# Pretrained Word2Vec Model on Urdu Wikipedia Corpus

Word2vec is a widely featured as a member of the “new wave” of machine learning algorithms based on neural networks, commonly referred to as "deep learning" (though word2vec itself is rather shallow). Using large amounts of unannotated plain text, word2vec learns relationships between words automatically. The output are vectors, one vector per word, with remarkable linear relationships that allow us to do things like vec(“king”) – vec(“man”) + vec(“woman”) =~ vec(“queen”), or vec(“Montreal Canadiens”) – vec(“Montreal”) + vec(“Toronto”) resembles the vector for “Toronto Maple Leafs”.

## Loading the pretrained Urdu word2vec 300 dimension vector model

This model trainied on 50,000 news posts data.

In [1]:
# import modules & set up logging
import gensim, logging
logging.basicConfig(format='%(asctime)s : %(levelname)s : %(message)s', level=logging.INFO)

In [2]:
# Downloading the Word2Vec model from google drive
#!wget -O - 'https://drive.google.com/uc?export=download&id=1yz8RfJeg65QByLs1aJUORtPujHYx_oQP' > urdu_wikipedia_vector300.bin
# import urllib.request

# model_url = "https://drive.google.com/uc?export=download&id=1yz8RfJeg65QByLs1aJUORtPujHYx_oQP"
# file_name = "urdu_wikipedia_vector300.bin"
# urllib.request.urlretrieve(model_url, file_name)

In [3]:
# Loading the model
model = gensim.models.KeyedVectors.load_word2vec_format('urdu_wikipedia_vector300.bin', binary=True)
# print(model)
# print(model.wv.vocab)

2018-06-30 18:04:43,075 : INFO : loading projection weights from urdu_wikipedia_vector300.bin
2018-06-30 18:04:43,888 : INFO : loaded (49003, 300) matrix from urdu_wikipedia_vector300.bin


## Evaluating
`Word2Vec` training is an unsupervised task, there’s no good way to objectively evaluate the result.

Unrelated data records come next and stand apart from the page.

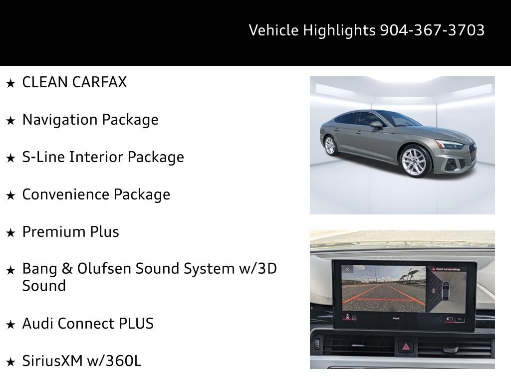 Experience the perfect blend of luxury, performance, and technology with the 2023 Audi A5 Sportback Premium Plus 45 TFSI S line quattro S tronic. Designed for those who demand sophistication and efficiency, this vehicle is your ideal companion for both daily commutes and spontaneous weekend adventures across Jacksonville and beyond. Feel the power of the 2L I-4 engine, delivering 261 horsepower with the precision of a 7-Speed Automatic S tronic transmission. The quattro all-wheel drive ensures you maintain control on both the sunny streets of Jacksonville and the occasional rainy day, enhanced by the Sport ride suspension. Whether navigating the vibrant city or exploring the scenic routes of nearby beaches, this Audi guarantees a drive that's both exhilarating and smooth. Stay seamlessly connected with the Audi Virtual Cockpit Plus and MMI Navigation Plus, featuring a 10.1-inch primary touchscreen display. The Audi Connect PLUS and Bang & Olufsen Sound System with 3D Sound transform every journey into an immersive experience. With Apple CarPlay and wireless device charging, your smartphone integrates effortlessly, ensuring you're always in touch and entertained. Designed with your family's safety in mind, the A5 Sportback includes Audi pre sense rear collision mitigation, Audi side assist, and a Top view camera system. The adaptive cruise control with stop and go and Audi Active Lane Assist make highway driving less stressful, while the automatic emergency braking adds an extra layer of security. Inside, the Nappa/Dinamica simulated suede and leather upholstery offers unparalleled comfort, complemented by heated front sport seats and a heated steering wheel for those cooler Jacksonville evenings. The Chronos Gray Metallic exterior with body-colored bumpers and chrome grille exudes elegance, while the power liftgate and split folding rear seats add practicality for your active lifestyle. Whether you're loading up for a family beach day or a golf outing with friends, the spacious interior and rigid cargo cover ensure you have all the room you need. Don't miss out on the opportunity to own this incredible vehicle. Visit Audi Jacksonville or call us at 904-367-3700 to schedule your test drive. Ready to make the leap? Apply for financing through our Credit Application or get an estimate on your current vehicle's trade-in value with Value Your Trade. Embrace the future of driving with the 2023 Audi A5 Sportback. It's not just a car; it's your ticket to a lifestyle of luxury and adventure.2023 Audi A5 Sportback Premium Plus 45 TFSI S line quattro S tronic: Elevate Your Drive
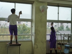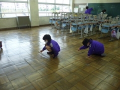 普段の掃除の時間には、なかなか手が出せない細かいところや、掃除しにくいところなどを中心に、念入りに,ていねいに、1時間かけて掃除しました。窓のサン、隅っこのホコリ、水垢などを雑巾でふき取り(上の2枚)、床板の隙間に詰まったホコリを穿(ほじく)り出し、きれいに掃いて水ぶきをしてワックスをかけました(下の2枚)。
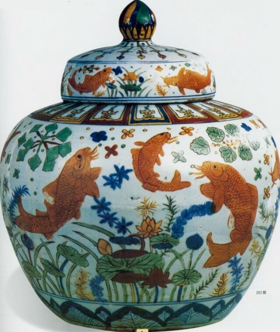 高33.9厘米, 口径19.6厘米。明代景德镇御器厂制品,上海博物馆收藏。五彩鱼藻纹图在明代嘉靖时常见,尤以罐为多。此罐矾红画鲤鱼,肩部饰复莲,下腹绘蕉叶,其鱼藻错落有致,疏密蕴韵,藻随鱼动,鱼回水势,颇见匠心,为典型的嘉靖五彩瓷。
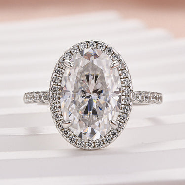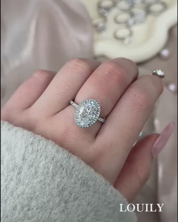Louily Exquisite Moissanite 4.0 Carat Halo Oval Cut Engagement Ring In Sterling Silver
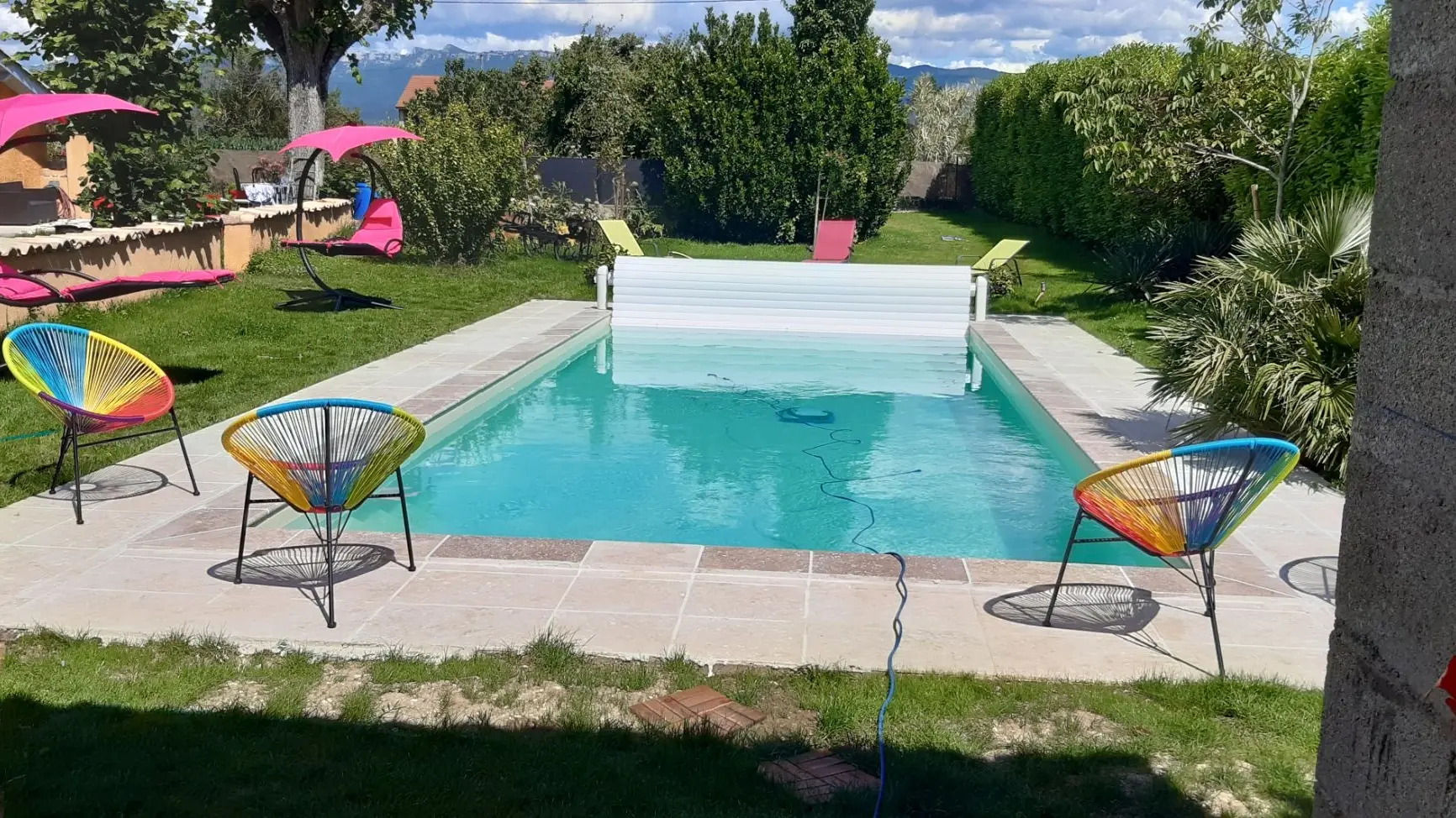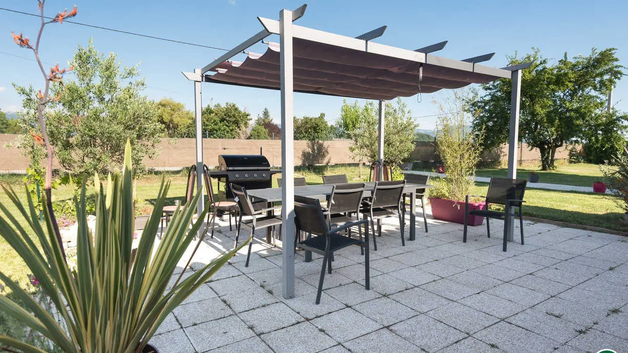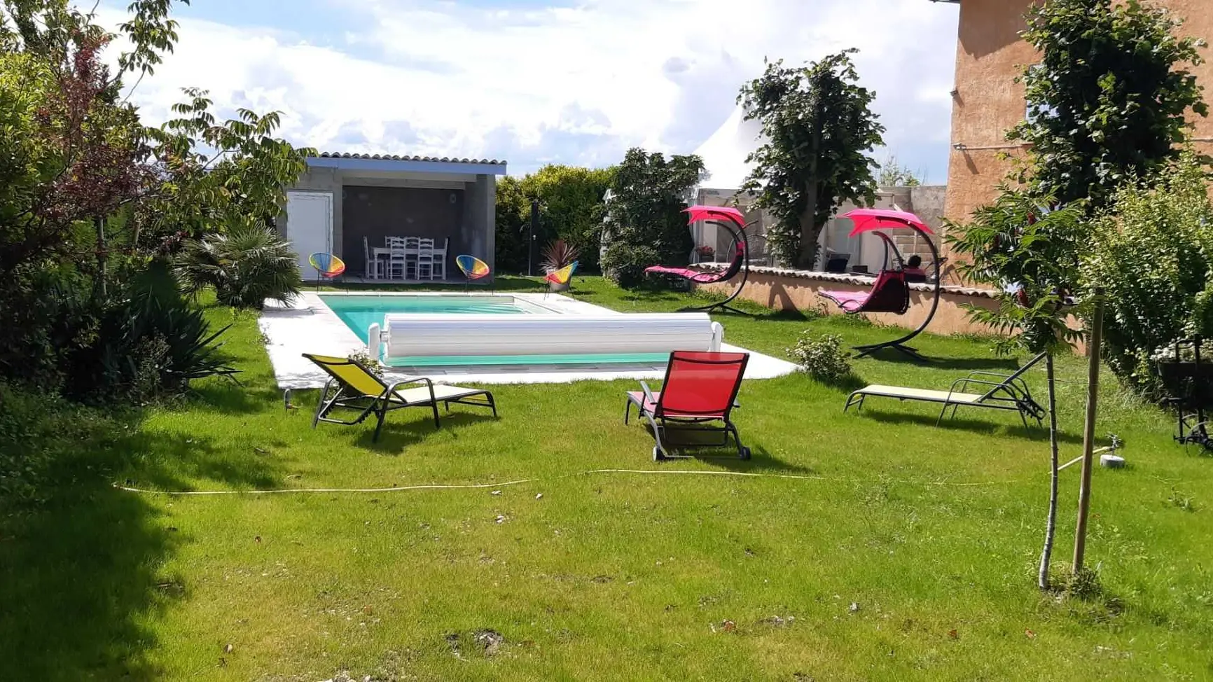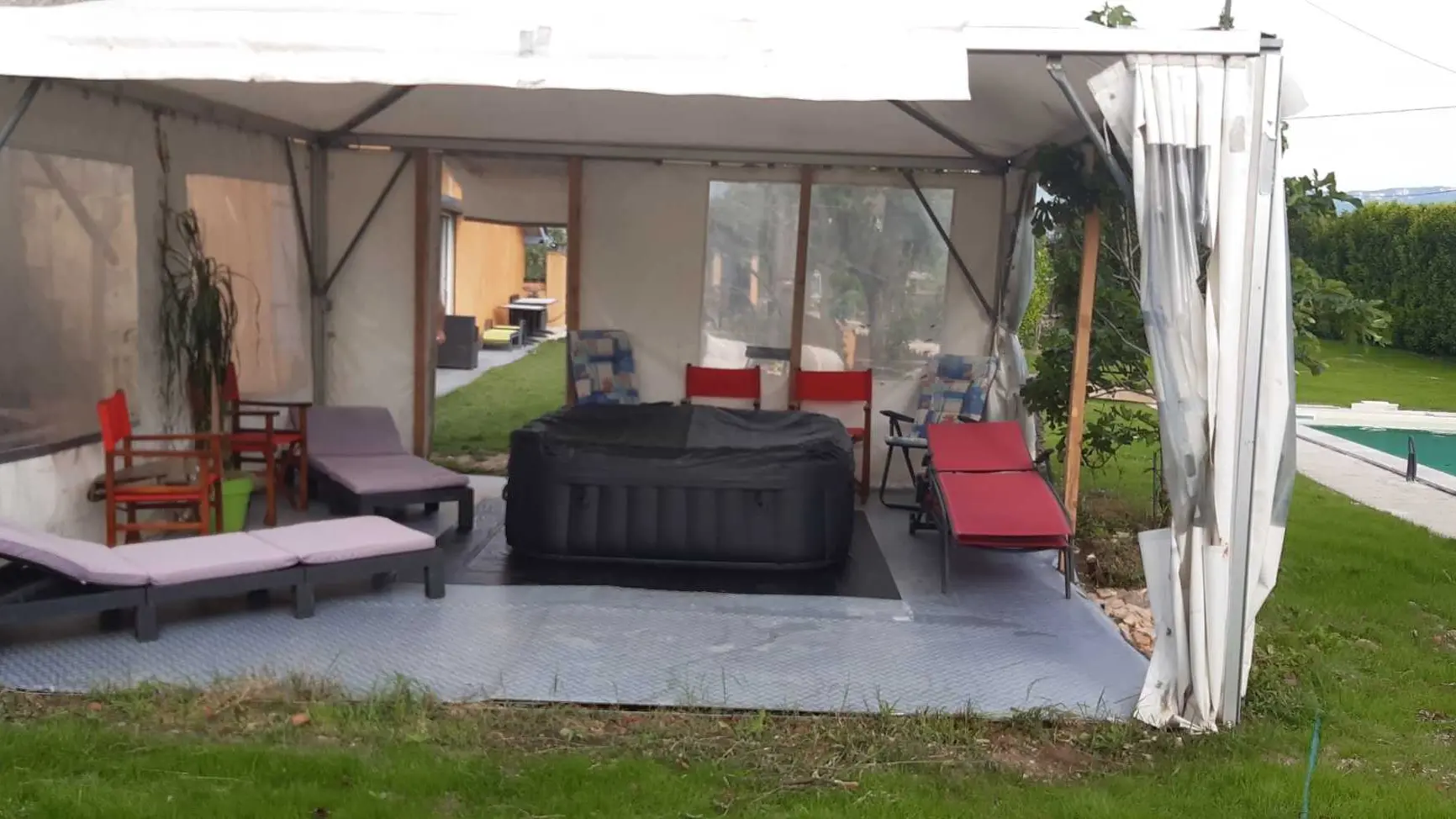 privative. Espaces extérieurs communs. Cour et Parking clos. TV dans la salle commune, salon de jardin. Jaccuzi et piscine chauffée à partir de mai

Evaluation depends on your end application.

Google has released their testing set of about 20,000 syntactic and semantic test examples, following the “A is to B as C is to D” task. It is provided in the 'datasets' folder.

For example a syntactic analogy of comparative type is bad:worse;good:?. There are total of 9 types of syntactic comparisons in the dataset like plural nouns and nouns of opposite meaning.

The semantic questions contain five types of semantic analogies, such as capital cities (Paris:France;Tokyo:?) or family members (brother:sister;dad:?). 

In [4]:
model.most_similar("پاکستان")

2018-06-30 18:04:46,922 : INFO : precomputing L2-norms of word weight vectors


[('پنجاب', 0.7467092275619507),
 ('فیصل_آباد', 0.6053035855293274),
 ('یونین_کونسلیں', 0.5992769002914429),
 ('سرگودھا', 0.5941762328147888),
 ('اسلام_آباد', 0.5806517601013184),
 ('راولپنڈی', 0.5633086562156677),
 ('پاکستانی', 0.5550359487533569),
 ('ساہیوال', 0.5546157360076904),
 ('ضلع', 0.5504013895988464),
 ('پختونخوا', 0.5464353561401367)]

In [5]:
model.most_similar(positive=['بغداد', 'یونان'], negative=['ایتھنز'])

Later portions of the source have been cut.